Material for this task →
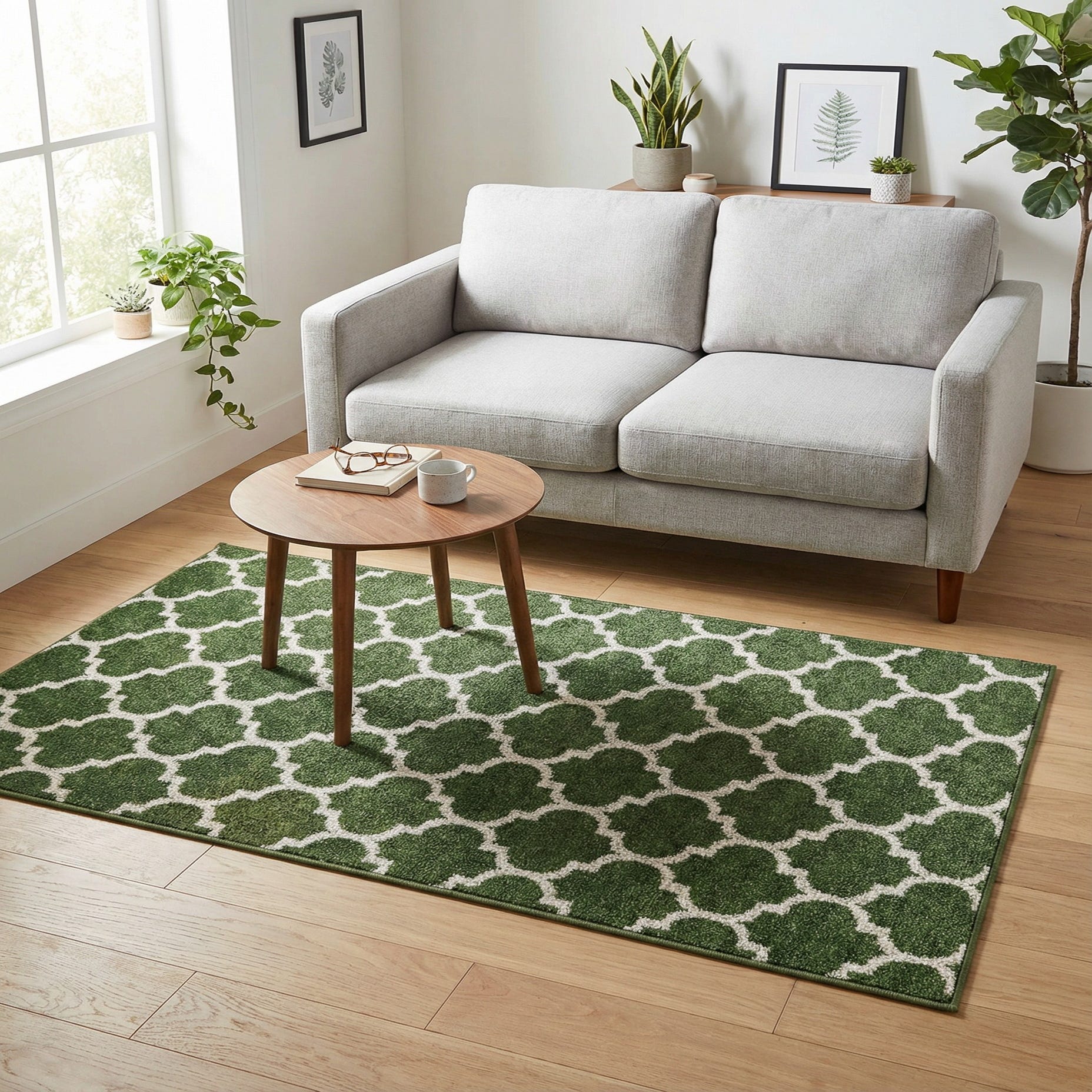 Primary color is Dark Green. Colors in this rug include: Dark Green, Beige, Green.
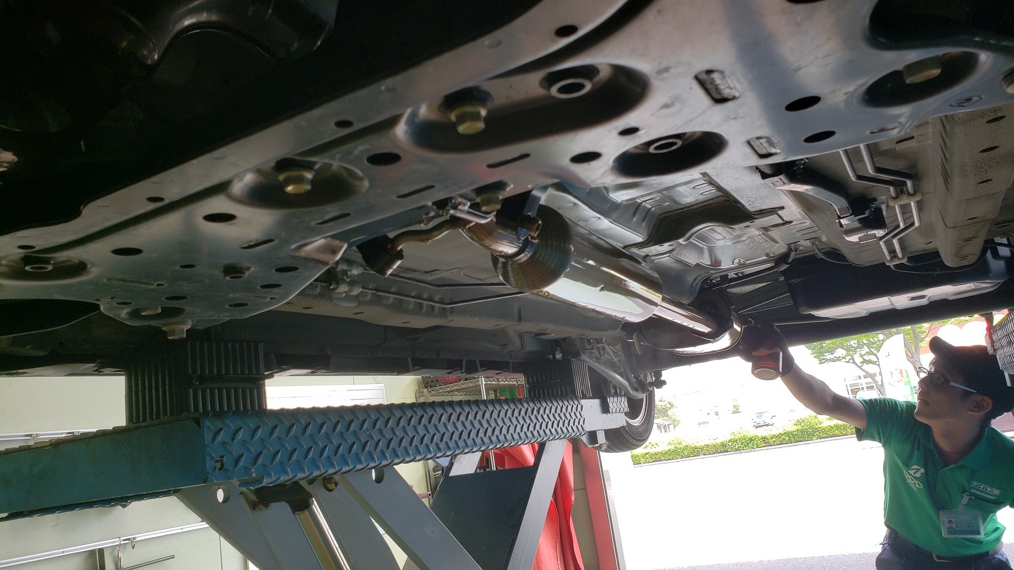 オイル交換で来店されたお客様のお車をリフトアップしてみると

---

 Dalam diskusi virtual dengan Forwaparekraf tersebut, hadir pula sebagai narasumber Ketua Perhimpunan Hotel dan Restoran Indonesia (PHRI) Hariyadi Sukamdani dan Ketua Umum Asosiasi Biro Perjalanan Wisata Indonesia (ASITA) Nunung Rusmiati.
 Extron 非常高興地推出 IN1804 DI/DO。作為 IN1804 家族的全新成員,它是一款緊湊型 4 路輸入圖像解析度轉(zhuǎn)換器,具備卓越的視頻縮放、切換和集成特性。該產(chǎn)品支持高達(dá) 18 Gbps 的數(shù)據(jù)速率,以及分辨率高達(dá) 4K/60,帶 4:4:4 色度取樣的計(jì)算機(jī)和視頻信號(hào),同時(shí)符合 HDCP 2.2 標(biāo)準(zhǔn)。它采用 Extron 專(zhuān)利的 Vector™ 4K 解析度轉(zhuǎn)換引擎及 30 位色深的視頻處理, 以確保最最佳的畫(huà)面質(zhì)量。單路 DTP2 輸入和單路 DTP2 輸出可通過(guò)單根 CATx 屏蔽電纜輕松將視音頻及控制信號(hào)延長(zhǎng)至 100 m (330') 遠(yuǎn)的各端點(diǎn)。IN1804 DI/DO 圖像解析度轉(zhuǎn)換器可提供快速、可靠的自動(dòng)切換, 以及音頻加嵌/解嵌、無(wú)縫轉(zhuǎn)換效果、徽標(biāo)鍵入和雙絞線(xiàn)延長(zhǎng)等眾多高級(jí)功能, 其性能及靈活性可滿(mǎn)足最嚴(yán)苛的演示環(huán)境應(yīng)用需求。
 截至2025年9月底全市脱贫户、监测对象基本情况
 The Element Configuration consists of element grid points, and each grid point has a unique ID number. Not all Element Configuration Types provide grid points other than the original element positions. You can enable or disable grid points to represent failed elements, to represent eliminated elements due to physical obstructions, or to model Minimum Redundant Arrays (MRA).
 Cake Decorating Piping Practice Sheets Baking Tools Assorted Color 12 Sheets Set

...

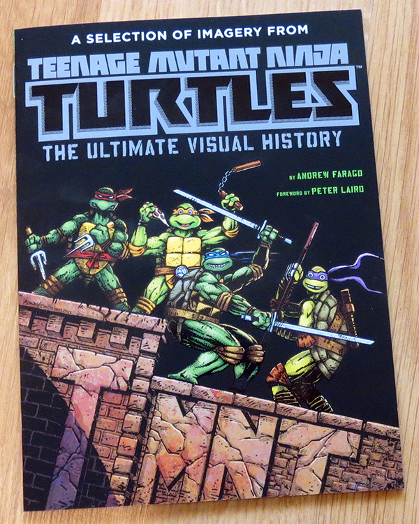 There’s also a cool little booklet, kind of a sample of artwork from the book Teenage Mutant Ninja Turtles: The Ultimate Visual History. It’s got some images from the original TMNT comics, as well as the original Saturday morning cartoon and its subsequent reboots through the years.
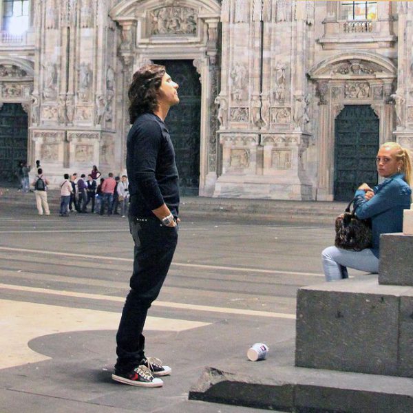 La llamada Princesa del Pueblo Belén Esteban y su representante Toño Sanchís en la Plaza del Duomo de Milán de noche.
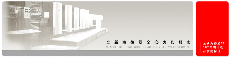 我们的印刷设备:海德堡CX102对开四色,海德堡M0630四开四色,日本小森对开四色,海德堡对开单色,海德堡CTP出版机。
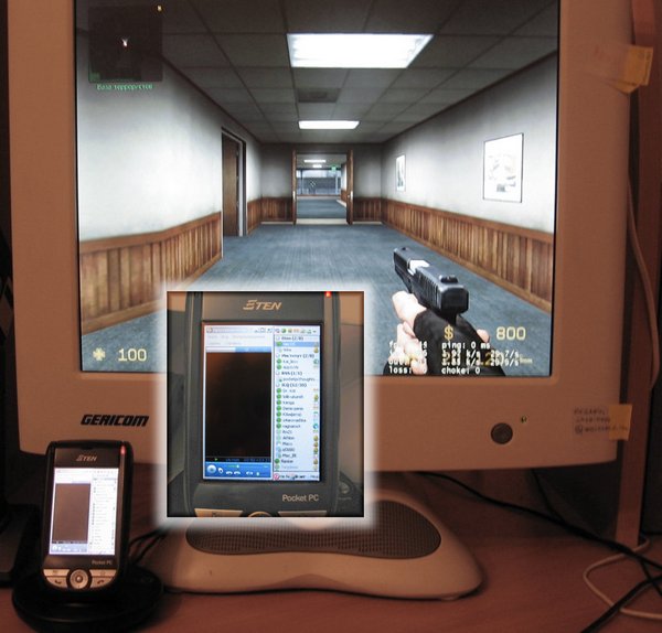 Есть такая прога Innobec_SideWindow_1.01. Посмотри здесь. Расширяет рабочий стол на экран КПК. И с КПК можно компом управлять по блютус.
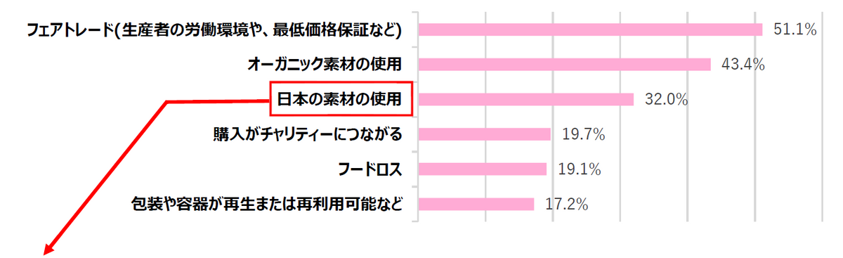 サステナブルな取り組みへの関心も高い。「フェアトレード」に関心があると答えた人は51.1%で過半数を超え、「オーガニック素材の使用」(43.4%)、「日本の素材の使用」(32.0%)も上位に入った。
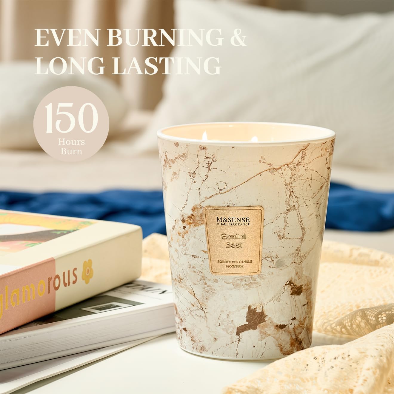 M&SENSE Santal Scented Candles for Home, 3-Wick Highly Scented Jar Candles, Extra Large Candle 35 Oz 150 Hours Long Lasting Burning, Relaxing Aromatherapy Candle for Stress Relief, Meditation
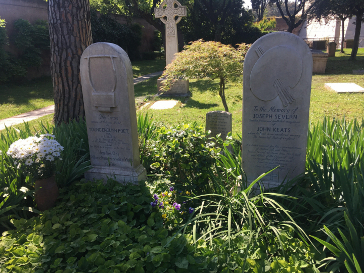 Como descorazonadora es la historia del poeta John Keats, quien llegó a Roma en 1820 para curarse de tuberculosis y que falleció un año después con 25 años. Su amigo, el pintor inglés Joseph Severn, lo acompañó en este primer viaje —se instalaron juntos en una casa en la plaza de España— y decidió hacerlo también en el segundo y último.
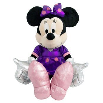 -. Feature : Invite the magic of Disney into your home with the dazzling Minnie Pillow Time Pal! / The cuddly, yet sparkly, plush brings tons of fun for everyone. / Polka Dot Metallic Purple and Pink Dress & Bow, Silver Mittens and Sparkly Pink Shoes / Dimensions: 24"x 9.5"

What needs to be done → Send back exactly the lines of the listing above starting at the one with "Dalam diskusi virtual" and ending at the one with "Cake Decorating Piping", inclusive, and no others.

Task answer →
 Dalam diskusi virtual dengan Forwaparekraf tersebut, hadir pula sebagai narasumber Ketua Perhimpunan Hotel dan Restoran Indonesia (PHRI) Hariyadi Sukamdani dan Ketua Umum Asosiasi Biro Perjalanan Wisata Indonesia (ASITA) Nunung Rusmiati.
 Extron 非常高興地推出 IN1804 DI/DO。作為 IN1804 家族的全新成員,它是一款緊湊型 4 路輸入圖像解析度轉(zhuǎn)換器,具備卓越的視頻縮放、切換和集成特性。該產(chǎn)品支持高達(dá) 18 Gbps 的數(shù)據(jù)速率,以及分辨率高達(dá) 4K/60,帶 4:4:4 色度取樣的計(jì)算機(jī)和視頻信號(hào),同時(shí)符合 HDCP 2.2 標(biāo)準(zhǔn)。它采用 Extron 專(zhuān)利的 Vector™ 4K 解析度轉(zhuǎn)換引擎及 30 位色深的視頻處理, 以確保最最佳的畫(huà)面質(zhì)量。單路 DTP2 輸入和單路 DTP2 輸出可通過(guò)單根 CATx 屏蔽電纜輕松將視音頻及控制信號(hào)延長(zhǎng)至 100 m (330') 遠(yuǎn)的各端點(diǎn)。IN1804 DI/DO 圖像解析度轉(zhuǎn)換器可提供快速、可靠的自動(dòng)切換, 以及音頻加嵌/解嵌、無(wú)縫轉(zhuǎn)換效果、徽標(biāo)鍵入和雙絞線(xiàn)延長(zhǎng)等眾多高級(jí)功能, 其性能及靈活性可滿(mǎn)足最嚴(yán)苛的演示環(huán)境應(yīng)用需求。
 截至2025年9月底全市脱贫户、监测对象基本情况
 The Element Configuration consists of element grid points, and each grid point has a unique ID number. Not all Element Configuration Types provide grid points other than the original element positions. You can enable or disable grid points to represent failed elements, to represent eliminated elements due to physical obstructions, or to model Minimum Redundant Arrays (MRA).
 Cake Decorating Piping Practice Sheets Baking Tools Assorted Color 12 Sheets Set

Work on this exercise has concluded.